In the interest of maintaining some sort of Lenten discipline, I took a break at around 2pm to find ten minutes of "quiet time." Having found it in bed, under the duvet, it was almost inevitable that I should fall asleep. But before the nap set in, I thought a little about church this morning -- about the quiet time we had after the sermon, during which all 80 or so people sat in near silence and I suppose relaxed into the space of the moment:
the sound of a newly-baptized infant burbling to itself, and kids playing upstairs in the nursery. Traffic occasionally rumbling past the front doors, and something else -- breath, I suppose.

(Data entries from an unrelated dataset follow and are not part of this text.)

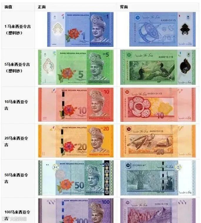 马来西亚常用纸币有RM1, RM5, RM10, RM20, RM50, RM100这几种面值。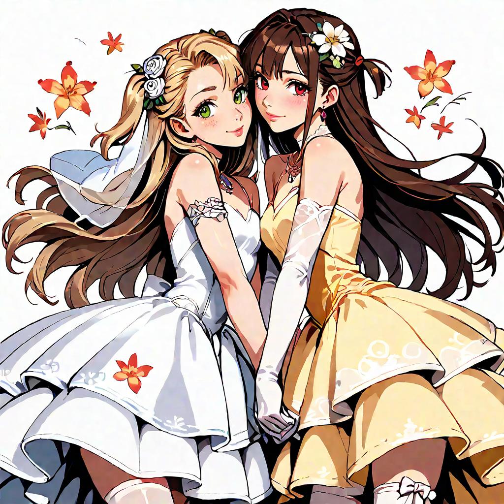 This digital anime-style drawing depicts two young women standing closely together, facing forward. The woman on the left has long blonde hair with a white rose hairpiece, green eyes, and wears a white, sleeveless, lace-trimmed dress with white gloves. The woman on the right has long dark brown hair with a white flower hairpiece, red eyes, and wears a yellow, sleeveless, lace-trimmed dress with white gloves. Both women have fair skin and are smiling gently. Orange butterflies are scattered around them, adding a whimsical touch. The background is plain white, emphasizing the characters and their dresses. The overall style is vibrant and detailed, with strong lines and bright colors.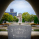 Image shows the Memorial Cenotaph at the Hiroshima Peace Memorial Park with the inscription 'Let all the souls here rest in peace for we shall not repeat the mistake.'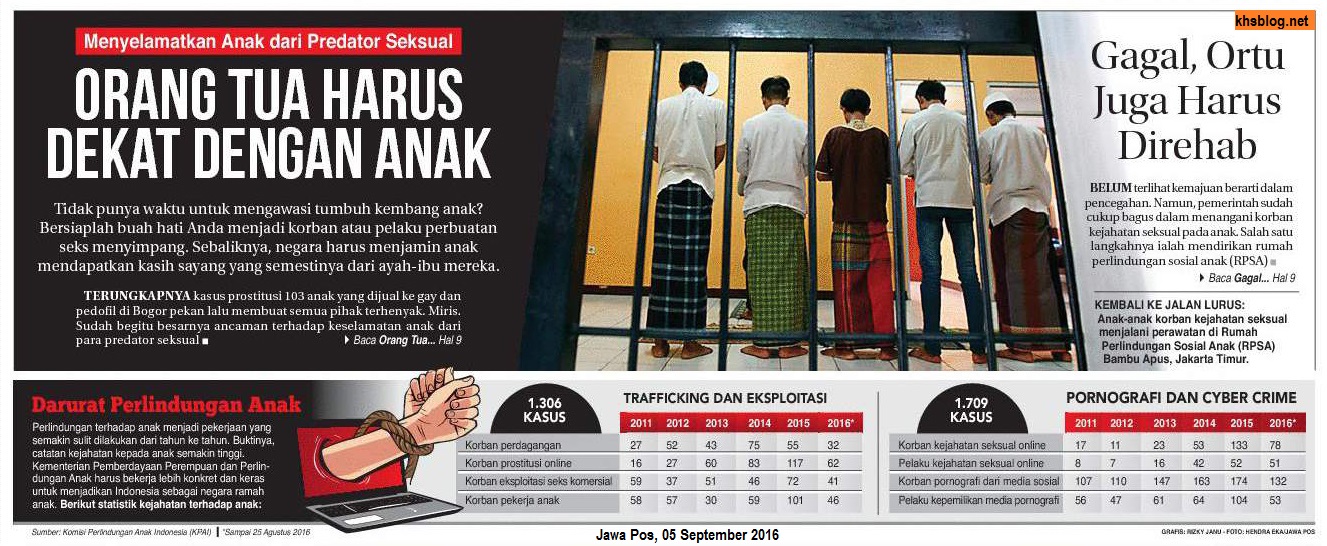 Anak menjadi sasaran predator seksual. Terungkapnya kasus prostitusi 103 anak yang dijual ke gay dan pedofil di Bogor pekan lalu membuat semua pihak terhenyak. Sebelumnya juga banyak kasus kekerasan maupun kejahatan seksual yang menimpa anak baik laki-laki maupun perempuan. Contohnya kasus perkosaan dan pembunuhan terhadap anak SMP bernama Yuyun beberapa waktu lalu. Sebelumnya juga ada kasus anak JIS yang membuat semua mata terbelalak. Tahun 2015 silam sebenarnya pemerintah telah meluncurkan program Gerakan Nasional Anti Kejahatan Seksual terhadap Anak (GN-AKSA). Berikut data Komisi Perlindungan Anak Indonesia (KPAI) mengenai Daftar statistik kejahatan terhadap anak tahun 2011 – 2016.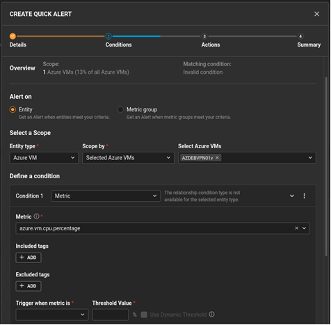 SolarWinds Observability SaaS lets you create alerts quickly and simply on metrics from VMs hosted by Azure to detect and notify you of common issues in virtual environments. You can create alerts manually on the Alerts Settings page by clicking Create Alert.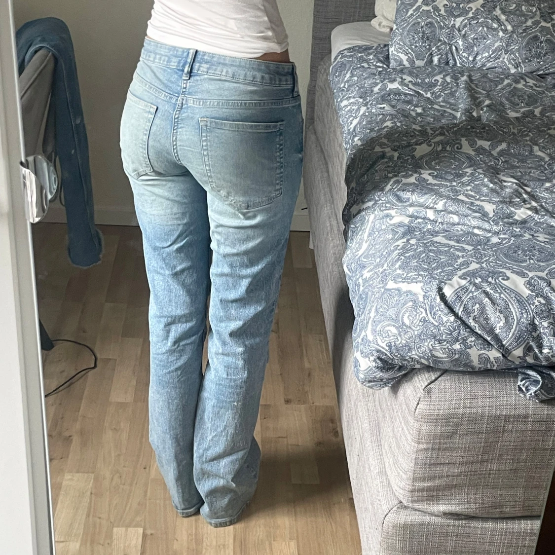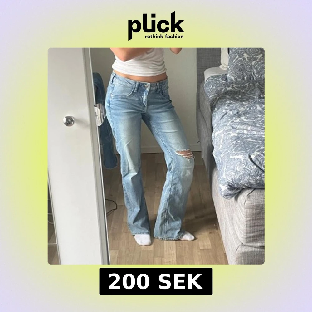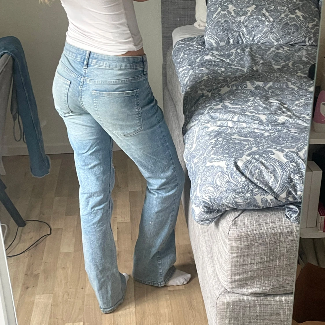 Säljer ett par ljusblå bootcut jeans med slitning och hål på ena knät. Jeansen har klassisk femficksdesign, normal passform och är lågmidjade. Perfekta för en avslappnad och trendig look.

The silence of 80 people listening to silence is different in character from the sound of that same crowd listening to a sermon. We hear each other. And listening was the theme of the sermon (one that I had a tough time following today, and might try to catch again online, here. Apparently I wasn't listening very well.) At that time, during worship, I found myself thinking of the silence of Quakers -- the listening that is only broken when someone is genuinely moved by the Spirit, to speak or sing, or declaim. It's a reminder of collectivity, and I was really moved by it this morning -- church is my job, and I often forget how to relax into worship, on account of that. So the silence really was golden this morning.

80 people breathing together really is something. It's intimate, and I hunger for intimacy. Though perhaps not more than the next person. Are we aware of it? The effect of all our hurrying and freneticism is isolation. As someone said to me recently, just having time to do nothing if one chooses can result in a thawing -- of those layers of isolation, perhaps. 80 people breathing quietly together, and doing nothing else, free to think what they choose -- perhaps we thaw a little there too. Like when one holds hands with strangers for a few moments, to pray -- for just a few seconds, we're aware of each other in a new way. Maybe that's how we touched God today.

Day 17.

Friday, February 26, 2010


Going on day two of having my son in the office with me, which isn't nearly as difficult as it might seem -- when we aren't busy running the food shelf, he entertains himself pretty well. He's giggling over "Calvin and Hobbes" just now. But it's dull as ditchwater compared to any number of other things he could be doing, I suspect, and his dad will come for him pretty soon. I hope. Mid-afternoon, still time to catch some shows, maybe convince his dad to take him sledding. School holidays... I'm shaking off the last vestiges of a migraine as well, one that settled in the day before yesterday, and while the last of the pain seems resolved my eyes are still a little light-sensitive. Not surprisingly, I'm in a mood of low ebb. It's been a good week, but very busy -- three nights at meetings. I skipped my son's school conference this morning, I suspect (never did get confirmation of the appointment from his teacher.) Unless something magical happens this afternoon, I'll most likely work tomorrow as well, a thought that really doesn't appeal to me. And if the old man doesn't show up soon, I'll have to leave the office and find some food for my kid. He's late... BLAH. Sorry, that's all I got at the moment. Wow - "Lightning Crashes" by LIVE on Pandora. Haven't heard that in a while.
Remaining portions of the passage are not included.